Henry Crabb Robinson, 30 Russell Square, London, to Mary Wordsworth, [Rydal Mount], 3 December [18]49.
30 Russell Square
3 Decr 49.
My dear friend
I rejoiced at the reception of your letter – Had it been addressed to any one the mere hand writing so clear and so firm would have given me pleasure, contrasted as it was with the hardly legible lines under my brother’s hand received at the same time – But to receive so cordial an invitation from you was really a high enjoyment – You say you have hope that nothing will occur to impede my being with you at the usual time – Most anxiously do I wish this may be the case – But this is very uncertain –
I lately learned to my great astonishment that it is now seven years since my brother has sustained these severe epileptic attacks which sometimes by sudden blast carry off the sufferer – More frequently his mind perishes by “slow decline” – There has been one great consolation during this long trial His perceptive powers have been weakend But his moral feelings, his affections have never been perverted – And he has been for the greater part of the time quite happy – My visits to him have been frequent – Indeed I have placed myself at the Service of my niece, who is the most assiduous & kind of attendants – I go to Bury when she wishes for me, And I stay as long as she approves of it – She sometimes thinks that my presence is too exciting – I wrote to her on Saturday, informed her of your very gratifying letter, but that she, not I, should determine about my availing myself of your invitation – I need not say how much I desire once more to enjoy a Rydal Christmas – I shall miss certainly my walk to Grasmere before breakfast but the Sum total of enjoyment will not be sensibly diminished
I was lately at Brighton for nine days my great nephew is there under the care of his Aunt, for a change of air & a milder climate were prescribed – And his fond mother has no other consolation for the loss of her childs company, but ^than^ the consciousness of discharging a duty of affliction to her father in law – her own mother older than my brother is her companion – She is afflicted also by a stricture of the throat And is in danger of death from starvation – So sad a house is that at Bury –!
When at Brighton I saw repeatedly Miss Rogers – Her brother was with her – I dined once with her – It was a pleasure to her to sit at the head of the table And make a shew of doing the honour with her paralytic hands – a mere shew of course.

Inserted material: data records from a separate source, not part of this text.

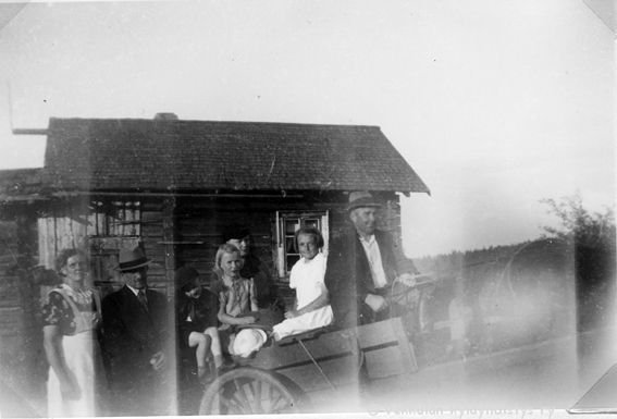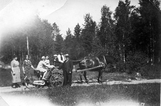 22 Kerpolassa Ahlgreneilla vieraillut vaasalainen Geijerin perhe lähdössä kotiin: Seisomassa vasemmalla siskokset Iida Geijer ja Olga Ahlgren (o.s. Peltonen, 12.4.1901 - 12.1.1986), oikealla Iidan aviomies Einar (kutsumanimi Eino) Geijer (1894 - 1979). Syntymäpäivälahjaksi saadun polkupyöränsä päällä Kyllikki Ahlgren (myöhemmin Rantanen, s. 6.12.1927), Kerttu-hevosen kärryissä Geijerien lapset Marjatta (myöhemmin Rantamäki, s. 1925 tai 1926) ja Reino (1932 - 1993) sekä ohjaksissa Kerpolan isäntä Hjalmar Ahlgren (19.11.1893 - 17.9.1964).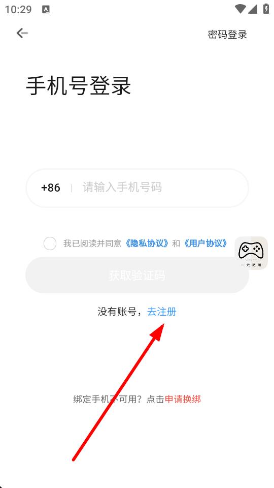 2、在登錄界面點擊沒有賬號,去注冊。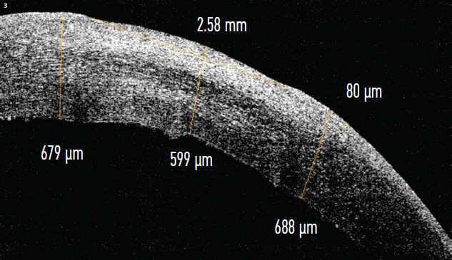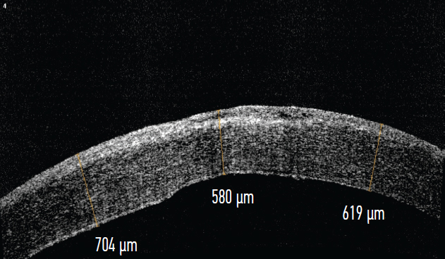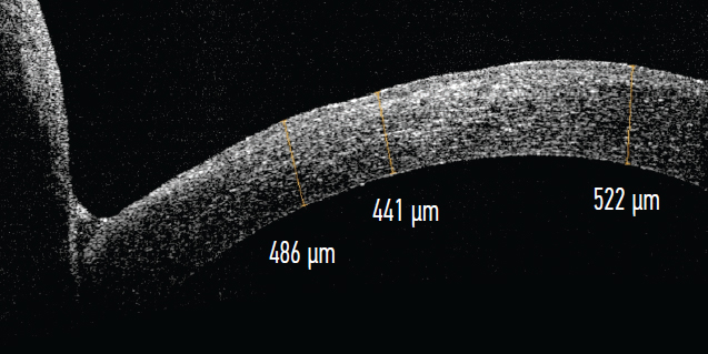 Рис. 3. Снимок оптической когерентной томографии роговицы пациентки О. при поступлении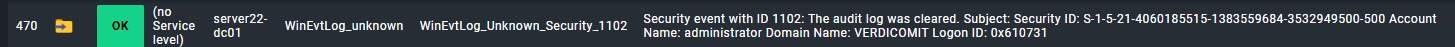 .{3} [0-9]+ [0-9:]{8} ..1102 \S+ The audit log was cleared. Subject: Security ID: \S* Account Name: (\S+) Account Domain: \S+ Logon ID: \S+

On Tuesday I came up, taking the early train in order to breakfast in St James’s Place – I was there in good time Such are the results of Rail Road Travelling
At Brighton I called twice on Mr Graham It really does one good to look on the benignant smile of his fine face – There is something very attractive & even gracious in his look His Son is gone to the South, I suppose for his health – He is expecting – I should say was – his daughter on whom his affections are now so concentrated – They spoke of her health as good now And I hope you share in the same favorable opinion –
Brighton was very full & very gay when I was there – But gay people now give me no pleasure, not that I am myself triste This morning I have been breakfasting again with Rogers, having done so twice last week – He is more unchanged than you could have imagined – He retains his old habits – repeats his favorite passages from poets & prosaists, and tells again & again his old anecdotes, to his old associates –
He has a Knot who usually meet on Tuesdays at his house, of whom those one most frequently meets are his nephew Sam: Sharpe, Luttrell, Harness, Dyce, & Mitford three ecclesiastics of whom the two latter are at large And the first tho’ an incumbent is quite as much of a <–> liberator as he is of a divine – Dr Henderson &c And of late I have joined them – At each of the late three visits Rogers has expatiated on the beauty of the head in the small folio Vol: I have seen the first two Vols of the new edition, but shall not appropriate it until it is complete Mrs Coleridge is looking very nicely –
I learn this morning from the Ecclesiastical sources that there is a forthcoming election at Cambr: of the Regius Professorship of Divinity And that Dr Christ: Wordsworth And Mr French Archdeacon Hare’s friend are the rival candidates – The disputatious controversialists are eagerly bent on the impending trial before the Privy Council Judicial Comme of the great question of baptismal regenerations. Numerous secessions are threatned whatever the decision may be – Parties are growing daily more & more vehement & contentious
You will wonder that I should presume to send you a Hymn which was sung at the opening of the Liverpool Chapel lately, not written for the occasion, tho’ meant composed as an for the Service of opening a place of religious worship I felt half ashamed of myself when I found it to be written by a person I know & very much dislike so I shall not be offended tho’ surprised if you tell me on the highest authority that it is worthless and that I ought not to have thought it worth while copying –
If I am able to visit you, I shall have a melancholy pleasure in making frequent calls on poor Mr Carr. To whom as well as to the Arnolds Davys &c &c I desire my kind remembrances –
To your own family in which I included Mr Quillinan my especial & best regards – I believe I own him an answer to a short note in answer to a gossipping & rambling letter –
Affectionately your’s
H. C. Robinson
Mrs Wordsworth
Text: WLL, Robinson, Henry Crabb/18, Wordsworth Trust and Museum, Grasmere. Robinson writes in his diary on 3 December 1849: ‘I left home early to breakfast with Rogers, Tagart, Henderson, Harness & Mitford – a lively 2½ hours. Then at the Athen: where I wrote two long letters – one to Mrs Wordsworth chiefly on the uncertainty of my going to Rydal at the Christmas as usual and the other to Mrs Coleridge who sent me a letter from Miss Fenwick. They both want me to write to Wordsworth to induce him to make a settlement on a nice of Southey who is in poverty. I wrote at length shewing that I ought not to do so as I do not know Miss Southey myself and could only write being set on by others – and this indirect & circuitous mode of making the application would be justly offensive.’